The High Desert Mystery Series #1
Tuesday, October 23
Three days is a long time to be dead, especially under the intense New Mexico sun. The coyotes are stacked like firewood. If they were wood, I’d wager there’s a good half cord there. New Englanders know these things.
The pile shimmers with writhing maggots and the chorus of a million flies fills my ears. Bile threatens, but I force myself to look, to see their empty yellow eyes.
There are at least twenty-five, maybe thirty of them. Blocks of wood with a date scrawled in black marker—October 20th, three days ago—have been placed in the animals’ mouths. Temporary markers for temporary remains? Somehow, I don’t think those small sections of two-by-four were placed there with any measure of respect.
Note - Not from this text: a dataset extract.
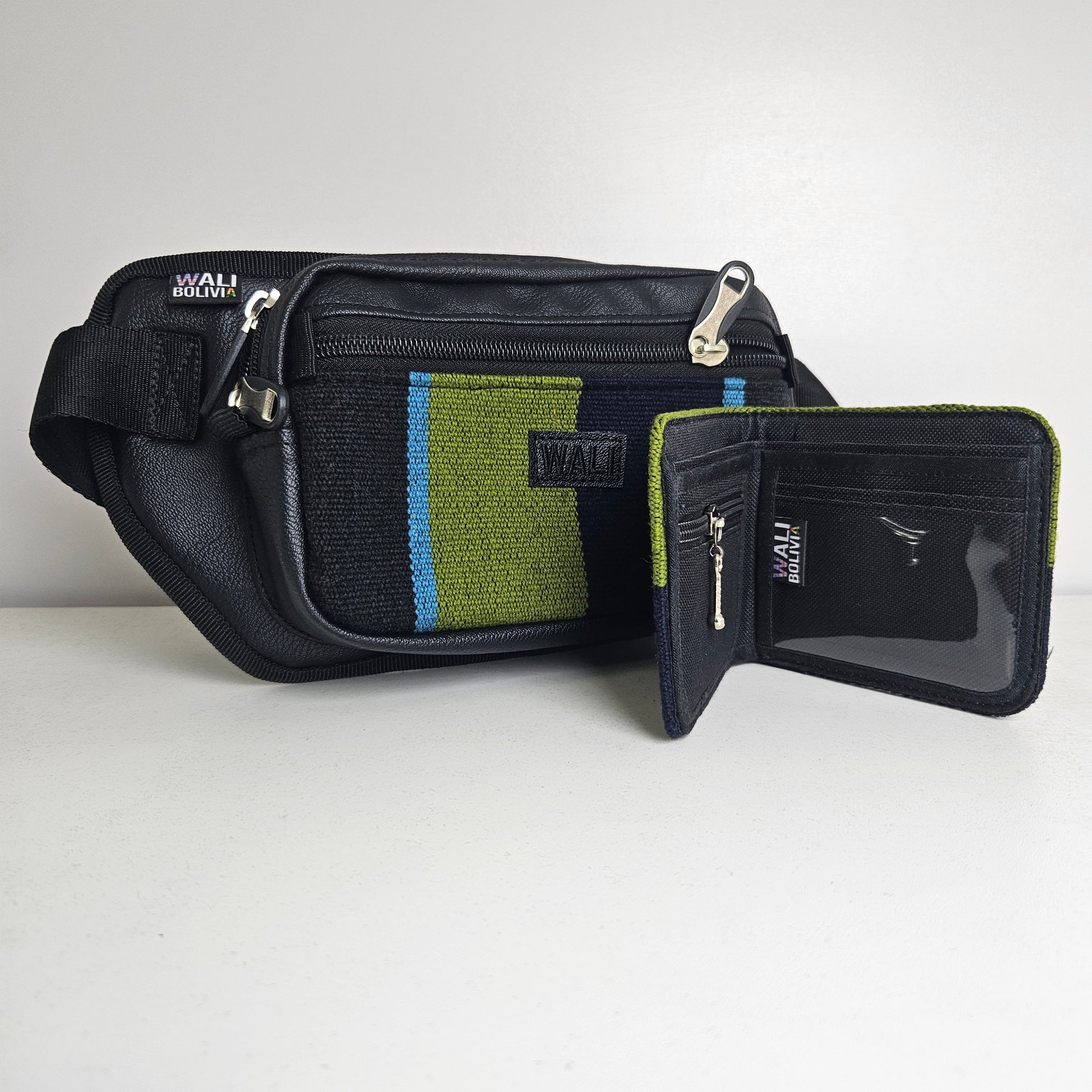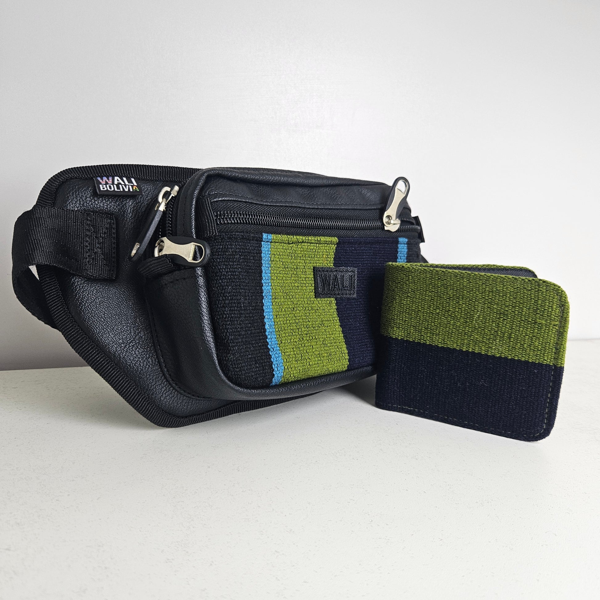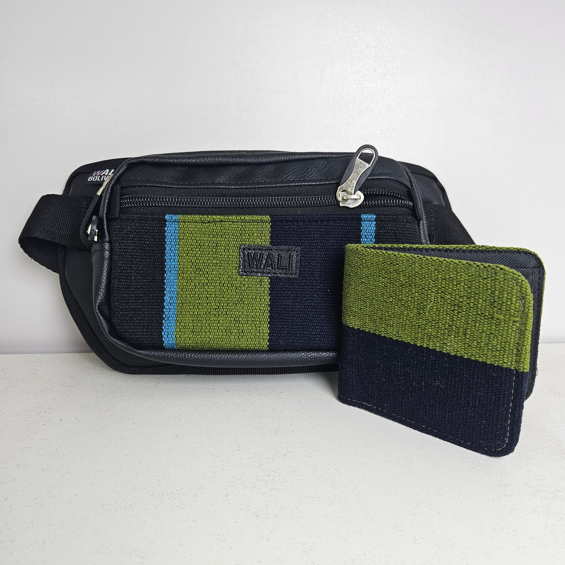 La combinación de riñonera y billetera doble está fabricada con aguayo natural y ecocuero, ofreciendo durabilidad y un estilo distintivo. La riñonera cuadrada permite un almacenamiento práctico y accesible, mientras que la billetera doble proporciona espacio suficiente para tarjetas y efectivo, optimizando la organización personal.

The coyotes’ coats are matted, their fur dulled by the ever-present dust that blows across the desert. Their bodies have already begun to flatten, sinking into the valley that was their home, where they hunted and ate berries, birthed their young and filled the nights with song. No one will dispose of the bodies. The land will simply reclaim them.
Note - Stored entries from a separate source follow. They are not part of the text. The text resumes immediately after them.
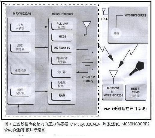 圖3左虛線框為輪胎內的壓力傳感器IC和發送IC為freescale公司的Mpxy8020A6或Mpxy8040A芯片和 MC68HC90RF2芯片。 Mpxy8020A6它內含壓力傳感器、溫度傳感器、電源控制和電池電壓檢測,喚醒功能的定時器,屬表面微機械CMOS加工工藝,SSOP封裝;而UHF 發送器+MCU(Flash)的MC68HC90RF2內含為2K用戶FLash ROM,定時器,集成的射頻(RF)發送器,低電壓檢測和RAM及內部時鐘發生器。則整個圖3左虛線框為Mpxy8020A6A與MC68HC90RF2 合成的遙測模塊示意圖。其圖3右側MC33591為UHF接收器內含鎖相環(PLL)超高頻開關鍵控(00K)接收器;MC912DP256 接收端控制器內含256KFLash,12KRAM,4KEEPROM,up to 5CAN,1xJl850,256MHz工作須頻率。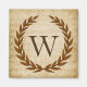 Une délicate couronne de laurier est posée sur un arrière - plan vintage de partitions de style romain classique. Ce design est personnalisé avec le monogramme "W" dans une tonalité de sienne riche.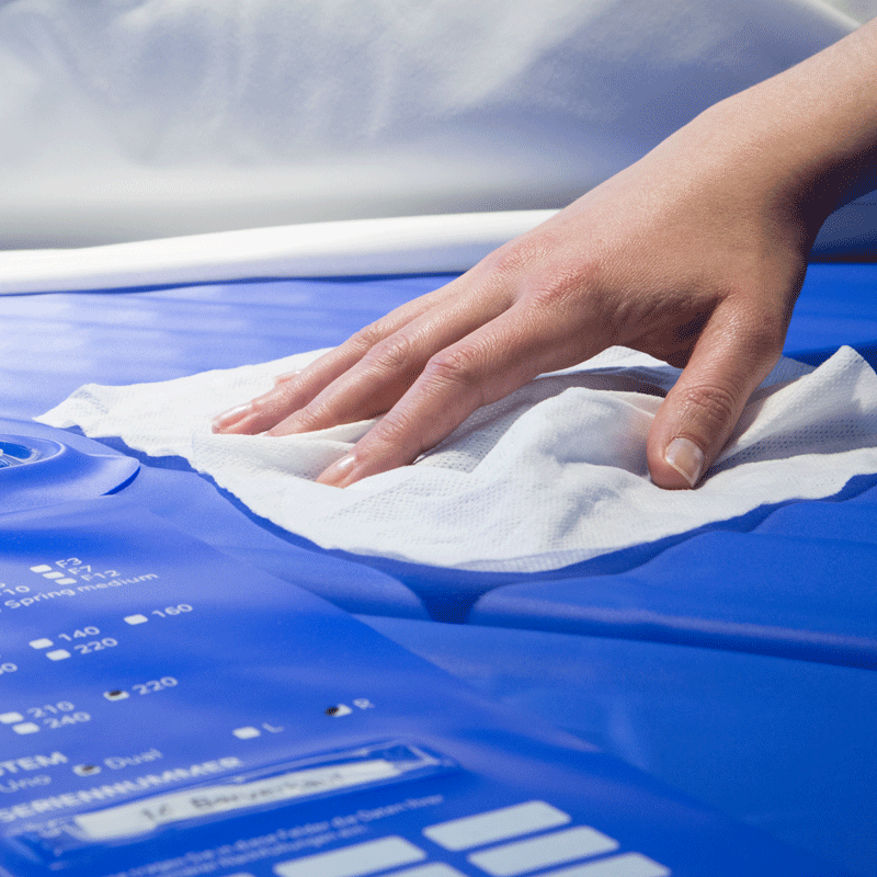 - Die Wassermatratze mit dem Tuch gründlich abwischen und 2 Minuten einwirken lassen.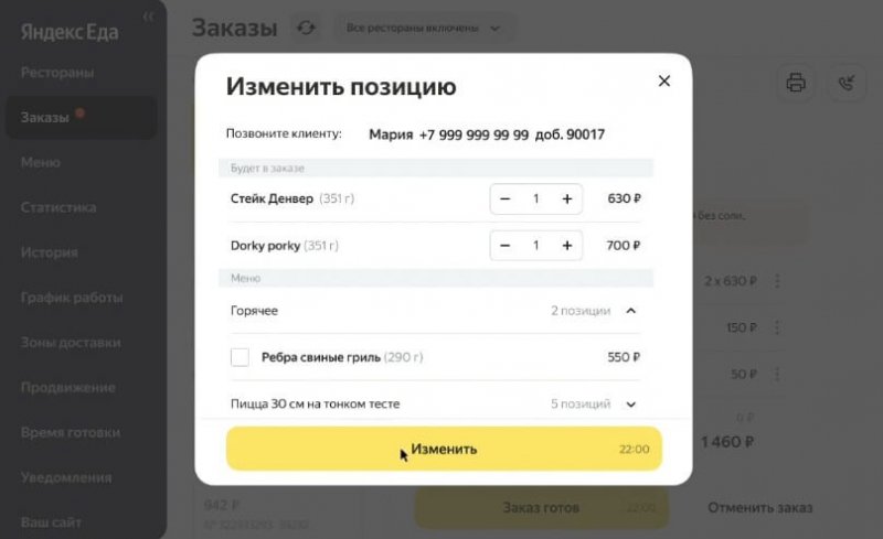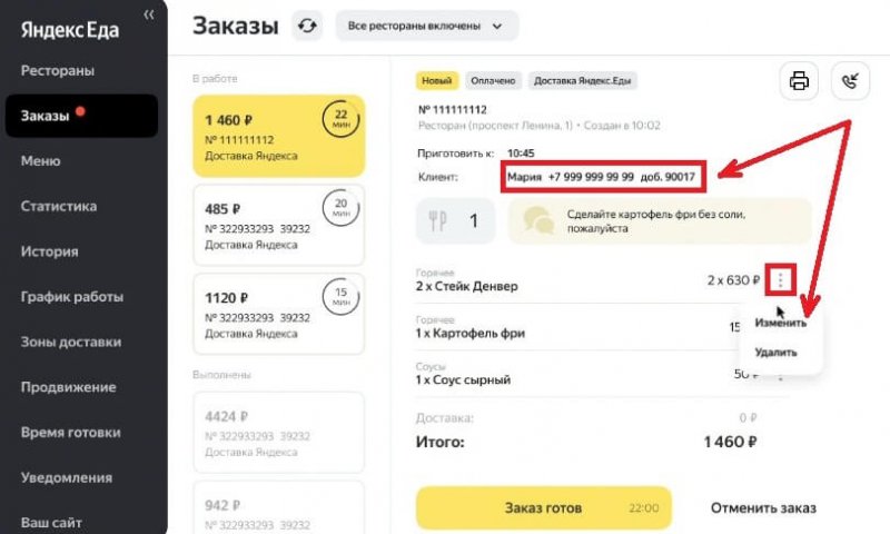 3. Если вы не сможете приготовить одно или несколько блюд из заказа, согласуйте изменения с пользователем. В заказах есть номера телефонов клиентов. Чтобы заменить блюдо, нажмите на три точки справа, выберите «Изменить» и добавьте новую позицию из меню.

“Fucking hell,” I whisper.
I wish I had a cigarette, but they’re a half mile away, at the Border Patrol station where I parked my unit—dubbed ‘the Eunuch’ by my friend Ben, since my unmarked Charger “has no balls and protects divine royalty.”
Ben has a bit of a crush on me.
“They call it a sport,” he sputtered last night, youthful cheeks red with righteous indignation, prominent nose red from the beers. Ben is tall and thin and his tagline, when meeting people is, “Ben Short. All my life.”
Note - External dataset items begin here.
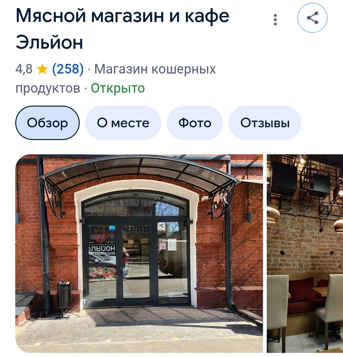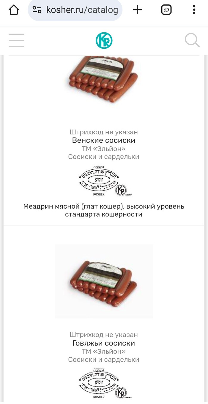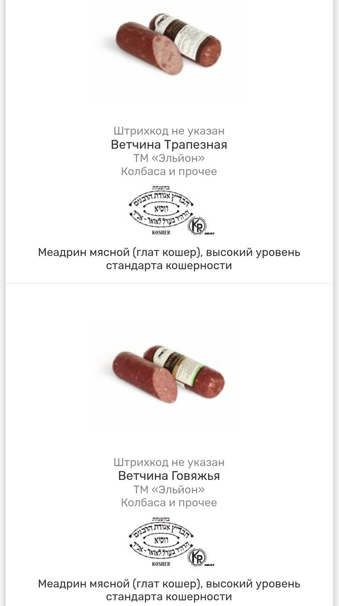 Во-первых, кошерное мясо. В посте делается упор на то, что кошерное мясо требует особого ритуального забоя и из-за этого его производство усложняется. Это абсолютно верно. Но если перейти на сайт kosher.ru в каталог мясных продуктов, мы увидим, что он на 96% состоит из мясной продукции некой ТМ «Эльйон». Название необычное, согласитесь? А всё потому, что это тот самый специализированный религиозный магазин! Точнее, мясной магазин кошерных продуктов и кошерное кафе. Едва ли какая-нибудь Пятёрочка или Спар станет закупать такую узкопрофильную продукцию.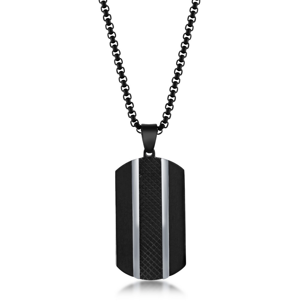 Stainless Steel Black Plated Silver Lined Dog Tag Necklace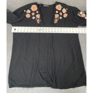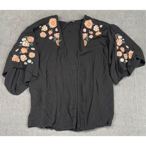 Womens Kimono L Black Embroidered Boho Floral Lightweight Cardigan Casual Flowy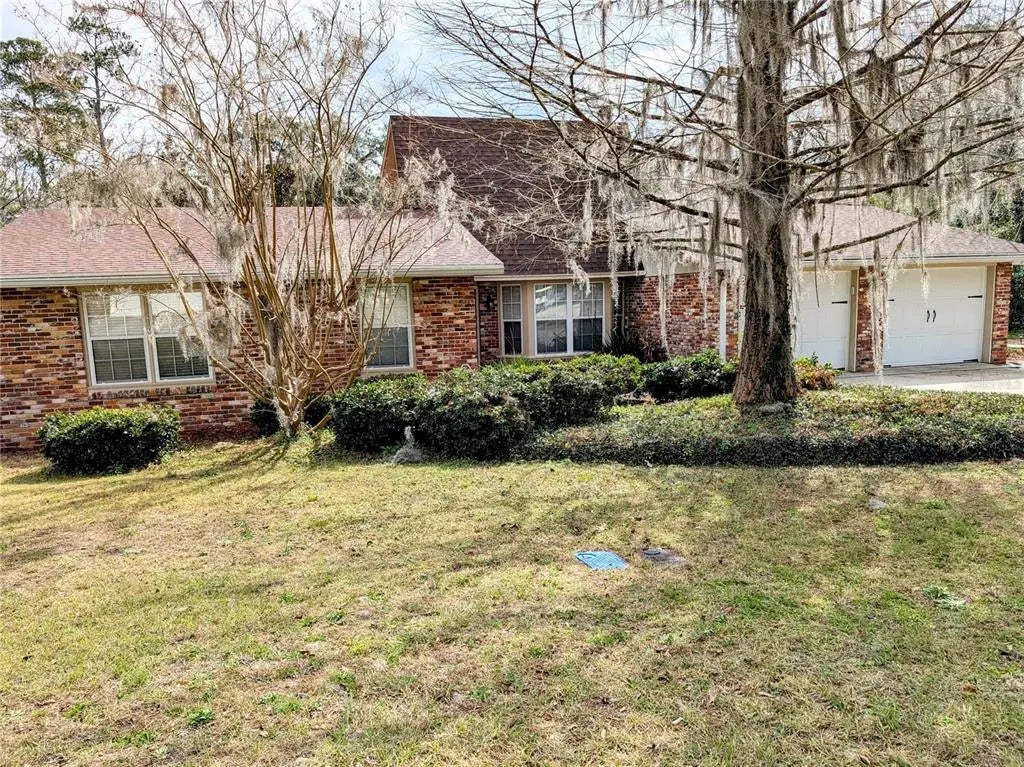 Under contract-accepting backup offers. PRICE REDUCED $20k FROM ORIGINAL LIST PRICE! MOTIVATED SELLER! Lake City Pool Home- Enjoy total privacy and a beautiful view from the tri-level pool deck of this attractive ranch-style brick home. Ideal for entertaining, the pool area is caged and includes a resessed outdoor kitchen complete with built-in grill, cooktop and sink. The view is of tall trees and sky only, offering a genuine retreat from the busy world. Appreciate the quiet setting afforded by a location well away from traffic sounds. The yard is nicely landscaped with shrubs and mature trees, including magnolia, cypress and palms. The kitchen overlooks the vaulted ceiling great room which features a gas fireplace set in native stone flanked on each side by floor-to-ceiling bookshelves and cabinetry. Glass French doors lead from the great room and the kitchen onto the pool deck. The front entry door leads to the formal dining room which has a bay window. The primary bedroom suite and hall bath and second bedroom are on the main floor. Upstairs from the great room is the third bedroom. In the kitchen area is a half bath and the laundry closet. The kitchen cabinets are solid wood, and there's a roomy walk-in pantry. The spacious two-car attached garage leads into the kitchen area. Attached to the garage on the west side is an equipment storage room, and in the back yard is a finished shed with a wall a/c unit. The downtown business district is one mile to the north. This home will be appreciated by those who want a sense of retreat to peace and quiet while being just minutes from the amenities and necessities of daily life.

“The state’s tried a few times to make coyote hunts illegal, but it never passes. Too many rich ranchers control the legislature. Say they have to be able to protect their cattle and sheep. So these asshats, who sell all the guns and gear? They set up these sick killing contests.”
We were having beers at El Patio, our everyday watering hole on the plaza in Old Mesilla.
“They actually sell these calls the hunters use? They mimic an injured mouse or rabbit. That’s what coyotes typically hunt.”
I could just about see the steam coming out of Ben’s ears.
“It’s fucking barbaric, is what it is.”
Ben is a reporter with the Las Cruces Sentinel, a still-young reporter with liberal East Coast sensibilities and endless ambition. Ben is determined to write a Pulitzer winning story, a story to save him from the tedium of our small-town paper and launch him into the white-hot spotlight of the fourth estate—in the 212 or 202 area code preferably. Too often though, he searches for that winning story in the Old West ways that, to this day, endure in Southern New Mexico.
But here’s the thing. What I know, after five years as a resident of the Land of Enchantment, is born and bred New Mexicans are proud of their traditions, their history. They’ve been scratching a life out of this mean desert for hundreds of years and it hasn’t ever been easy.
Las Cruces was originally part of Mexico and those who’ve been here the longest, with mixed Spanish and Native bloodlines, have their ways of doing things that uptight Easterners don’t always appreciate. And the white ranchers who came later, who claimed so much of the land for their cattle and crops, are by definition a stubborn, determined lot. They’re not about to change just because some wet-behind-the-ears reporter insults their habits.
Undaunted, Ben editorializes on dogs left to run loose and their irresponsible owners, on the folks who burn their garbage in barrels. His outrage over the pigeon hunters who, every September, ignore the vagaries of the city limit, is epic.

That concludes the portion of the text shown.